> **YOUR GOAL**: State how many lines of the entries below hold the word "City"; reply with nothing but the number.

> **DATA UNDER STUDY**:
::::

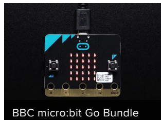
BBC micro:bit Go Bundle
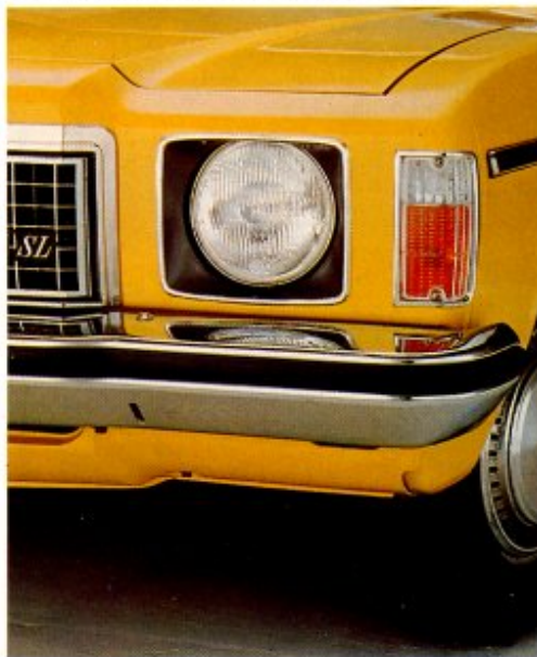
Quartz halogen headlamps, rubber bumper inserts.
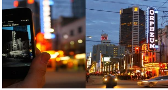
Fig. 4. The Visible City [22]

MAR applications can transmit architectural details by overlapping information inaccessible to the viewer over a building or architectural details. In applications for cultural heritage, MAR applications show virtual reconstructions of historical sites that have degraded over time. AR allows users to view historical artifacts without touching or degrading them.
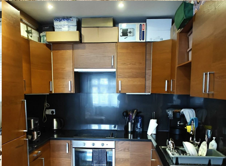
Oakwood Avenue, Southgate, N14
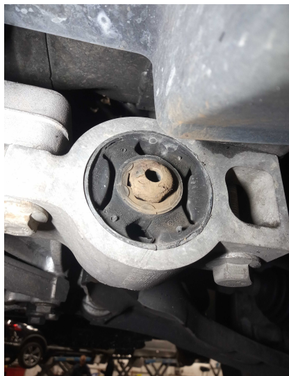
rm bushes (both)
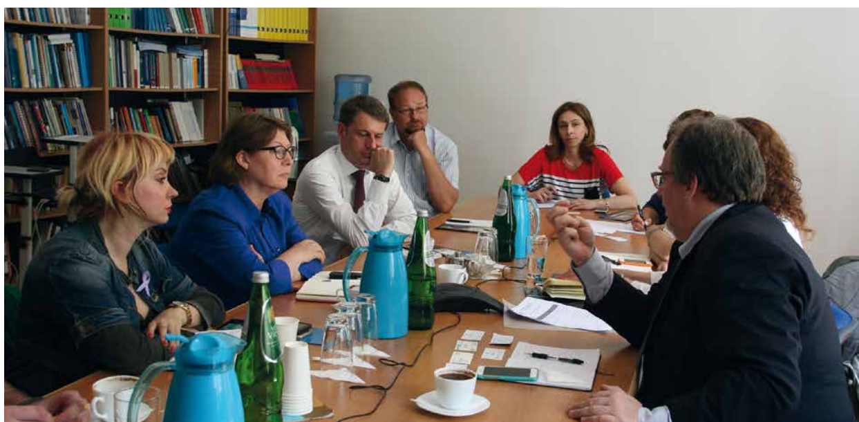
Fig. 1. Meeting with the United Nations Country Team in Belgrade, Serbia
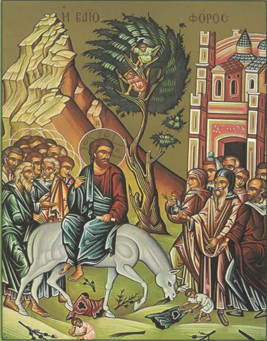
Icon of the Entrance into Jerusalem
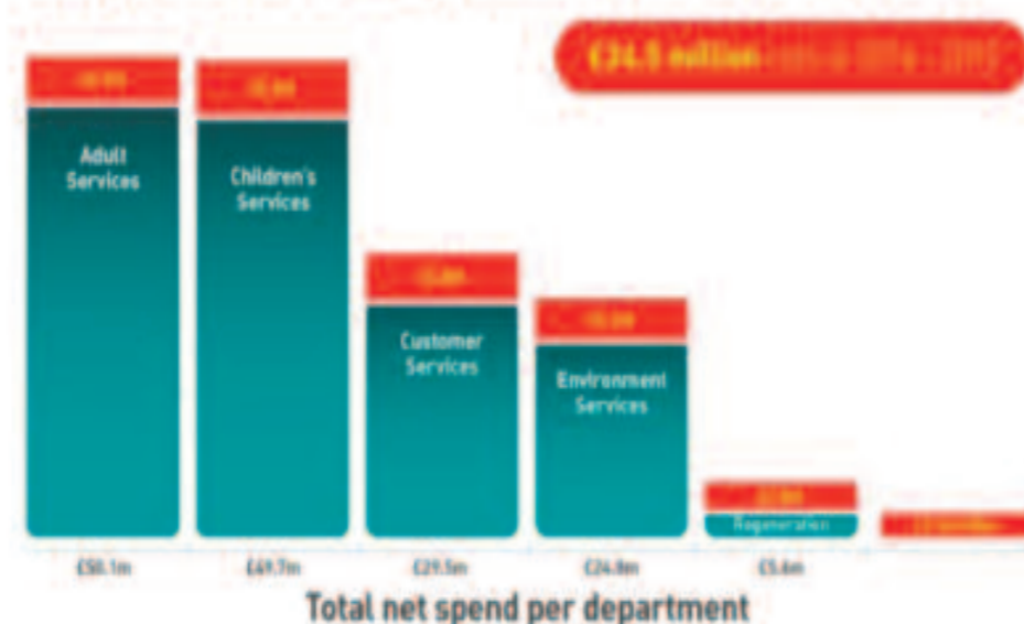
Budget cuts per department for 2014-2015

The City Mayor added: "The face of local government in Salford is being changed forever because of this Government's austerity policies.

::::

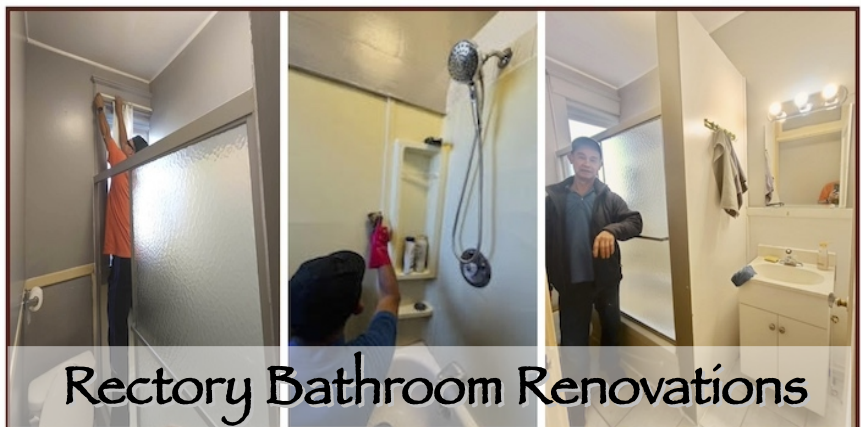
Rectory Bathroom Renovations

::::

> **RESPONSE TO THE EXERCISE**: 2